La riduzione farmacologica della pressione arteriosa è direttamente correlata a una riduzione del rischio di eventi cardiovascolari, indipendentemente dal livello di pressione di partenza normale o anormale del paziente o se ha già sofferto di un evento cardiovascolare o meno. Lo afferma una meta-analisi dei dati del trial Blood Pressure Lowering Treatment Trialists Collaboration (BPLTTC) presentata al meeting annuale dell’European Society of Cardiology, che quest’anno si è svolto in modalità “virtuale” a causa dell’emergenza COVID-19.
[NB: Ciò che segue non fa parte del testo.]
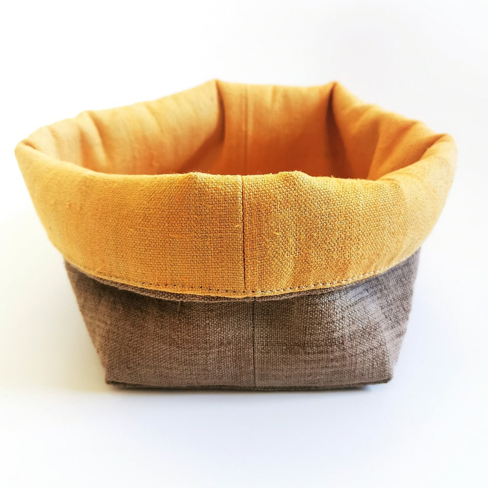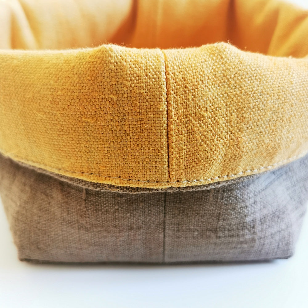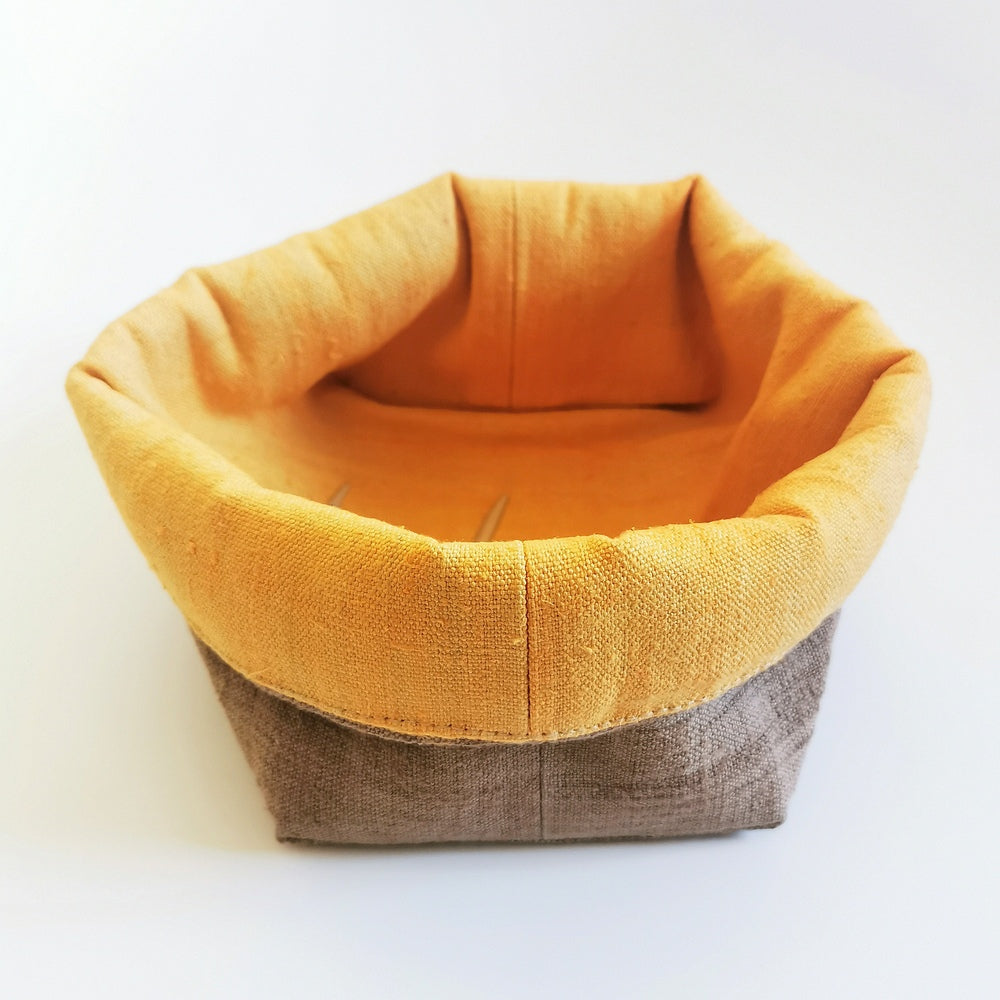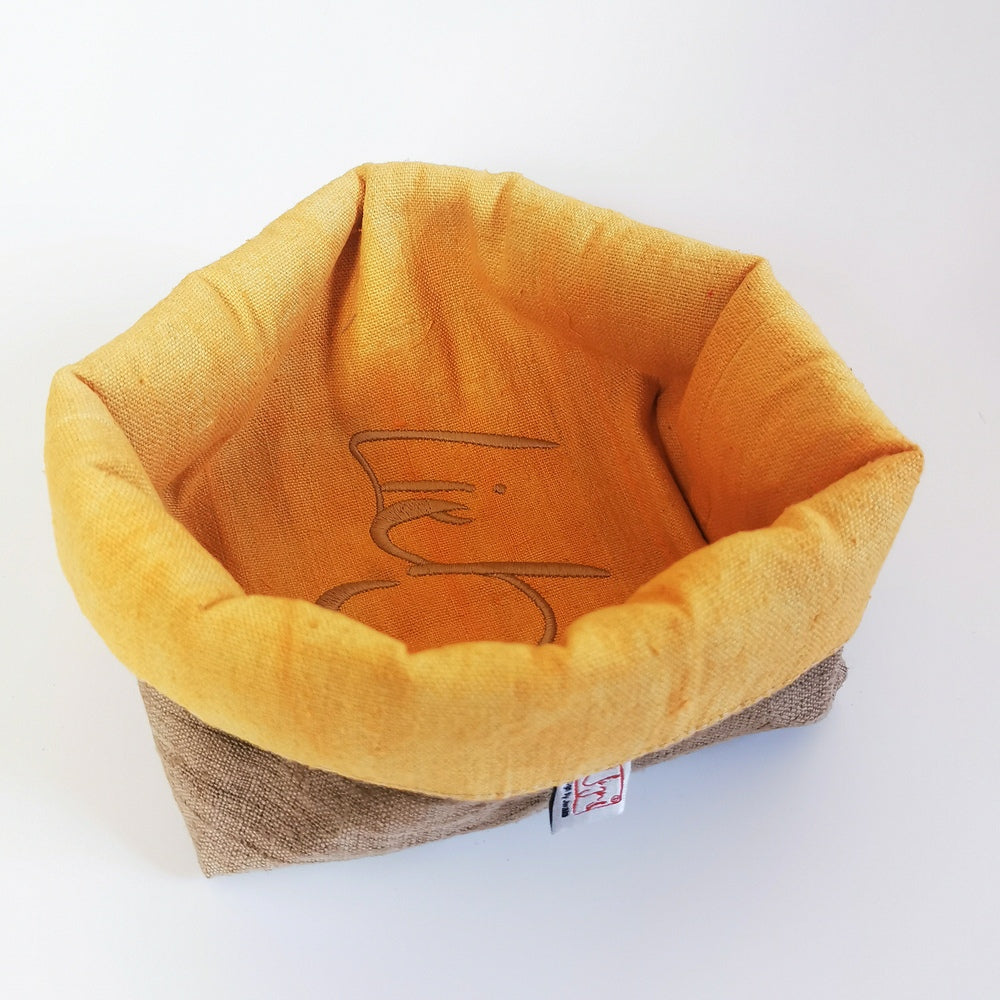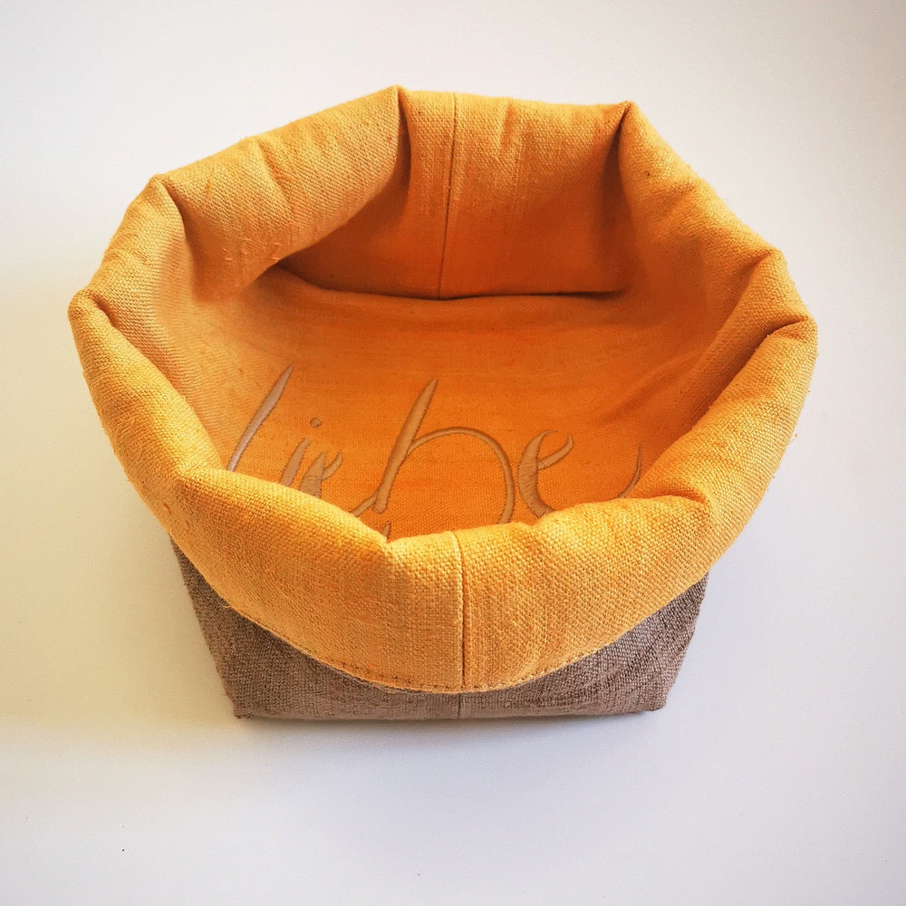 Das Brotkörbchen, handgemacht in Tirol, lässt sich platzsparend zusammenfalten und ist dank der limitierten, nummerierten Auflage (nur 26 Stück) ein echtes Unikat. Außen in elegantem Khaki, innen sonnengelb-orange – ein stilvoller Hingucker für jede Tafel, perfekt als Geschenk oder für den eigenen Frühstückstisch.

“Il fatto che gli effetti relativi della terapia anti-ipertensiva siano simili indipendentemente dallo stato di salute del paziente non vuol dire naturalmente che tutti dovrebbero essere sottoposti a trattamento”, spiega Kazem Rahimi dell’University of Oxford. “Questa decisione ovviamente dipende dai fattori di rischio di ognuno, che i clinici sanno considerare. Vanno anche valutati gli effetti collaterali e il costo del trattamento, ovviamente”. Nell’ambito del BPLTTC – che va avanti, in varie forme, dal 1995, ha coinvolto finora 348.854 pazienti ed è il più vasto mai realizzato in questo ambito – sono stati isolati due gruppi di pazienti: quelli con una diagnosi di patologia cardiovascolare precedente alla terapia anti-ipertensiva e quelli senza una diagnosi di questo tipo. Ogni gruppo è stato diviso in sette sottogruppi in base ai valori baseline di pressione sistolica: (inferiore a 120, 120-129, 130-139, 140-149, 150-159, 160-169, 170 mmHg e oltre). Dopo un follow-up medio di 4 anni, a ogni riduzione di 5 mmHg corrisponde un calo di rischio cardiovascolare del 10% (ictus -13%, cardiopatia ischemica -7%, scompenso cardiaco -14%, decesso per cause cardiovascolari -5%).
Commenta Rahimi: “I dati dimostrano che la decisione di prescrivere una terapia anti-ipertensiva non dovrebbe essere basata semplicemente sulla presenza di una diagnosi di patologia cardiovascolare o sulla misurazione della pressione arteriosa. Questo tipo di farmaci vanno visti come uno strumento per ridurre il rischio cardiovascolare in un individuo”.